Donna Brazile, Ted Strickland and Jennifer Granholm To Defend Public Education

Opponents of current reform trends in education (and even just those with some skepticism) have had few ways to get their messages out in the past decade.  While charter school chains have found wealthy investors and enthusiastic politicians, public school teachers have traditionally relied upon their unions to publicly advocate on their behalf.  However, until very recently both the AFT and the NEA have openly supported reforms such as the Common Core State Standards despite rank and file concerns, and both unions offered endorsements to Democratic candidates who have openly courted the same money that has backed charter school expansion, CCSS and evaluating teachers by high stakes tests, many teacher concerns have had limited means to reach the public.  Add to that a media that has seemed completely incapable of asking a single teacher about the combination of reform forces that have potential to greatly damage public education, it has been lonely work to try to raise alarms.

That may be changing.

First, there are some in the media actually asking hard questions about how such a narrow slate of characters have managed to push nearly all 50 states in the same curriculum direction without having a robust public debate.  The luster of charter schools as the proposed cure all for urban education is coming under question with more and more reporting of the opportunists who have rushed into the poorly regulated sector of education.  As Common Core has begun to reach classrooms with plans to begin mass testing of students and to implement value added measures for teacher evaluations, union leaders have backed away from initial support of the standards themselves.  They are joined by a small but growing movement of parents at the grassroots who are choosing to “opt out” their children from the increasing testing regimen that has characterized education reform of the past decade and a half.

These are all developments that promise to change the direction of our education reform discourse.  But it is likely not enough.  Proponents of Common Core, mass testing, test-based teacher evaluations and the rapid expansion of charter schools have the ears of major media figures, federal and state governments and are able to call upon deep pocketed allies to pummel those who try to slow down their goals.  Eva Moskowitz’s allies unleashed more than 3 million dollars in a 3 week advertising blitz against New York Mayor Bill de Blasio when he dared give her only 80 percent of what she wanted.  They also seem to recruit new front people easily — former NBC and CNN personality Campbell Brown has joined Michelle Rhee’s campaign against teacher job protections by taking the Vergara lawsuit on its first cross country tour to New York.

The balance of voices is changing.

The AFT announced the formation of a new lobbying group, Democrats for Public Education that will be chaired by former Ohio Governor Ted Strickland, former Michigan Governor Jennifer Granholm and DNC vice-chair Donna Brazile.  Ms.
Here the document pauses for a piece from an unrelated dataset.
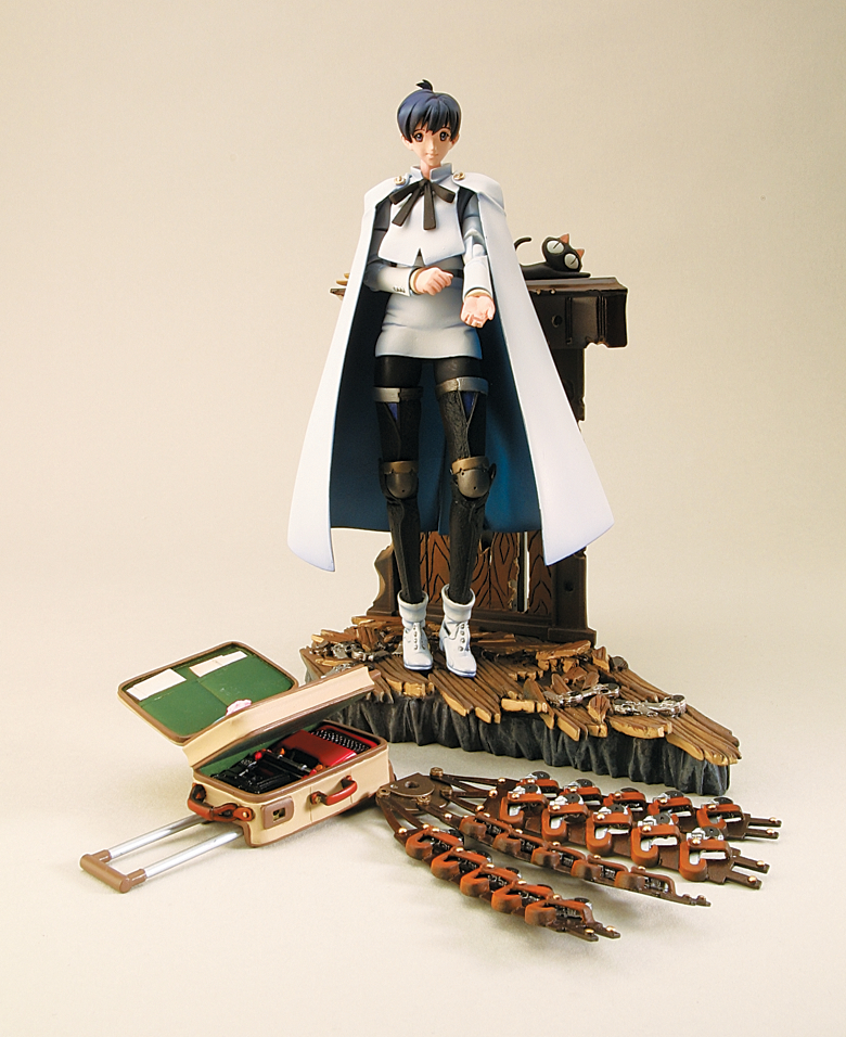 Meryl Stryfe, the insurance girl sent to keep a 24-hour surveillance on Vash the Stampede in an effort to lessen the damage he causes to the towns through which he passes. The Meryl figure stands approximately 5" tall and includes a removable cloak that conceals her high-tech derringer holster rack (with 20 removable derringers)! Also included is a multi-part suitcase filled with miscellaneous accessories, a 3-D display stand depicting a bullet-riddled counter, and a figure of Kuroneko the black cat, sculpted in a "hit-the-deck" position for gunfight scenes! Original Japanese blister card packaging.

Brazile addressed the AFT convention:

Why does this change the balance?  For starters, it says that the leadership of America’s teacher unions is pivoting from hoping that reforms will be both disruptive AND productive to realizing that many reforms threaten the very nature of public education.  More importantly?  It provides media allies for defending public schools and their students and teachers.  Although the research on many reform efforts’ problematic outcomes is solid and growing, voice and access has been much slower.  What does Donna Brazile bring that academic research and the concerns of parents and classroom teachers does not?  Access.  Ms. Brazile’s phone calls get returned.  Mr. Strickland and Ms. Granholm are known in all 50 state capitols and Washington.  While Bill Gates, Michelle Rhee, Joel Klein and pro-reform politicians have had the media’s ears all to themselves and have, to date, successfully portrayed their opponents as not caring about kids, now there is an organization headlined by well-connected and well-known allies to provide the alternative perspective.  In an age of media driven by sound bites 24/7, that matters.

How did Democrats for Education Reform, the hedge-fund financed group that has donated to numerous Democrats in exchange for support of charter school expansion, respond to the announcement?  “Welcome to the jungle, baby” was it.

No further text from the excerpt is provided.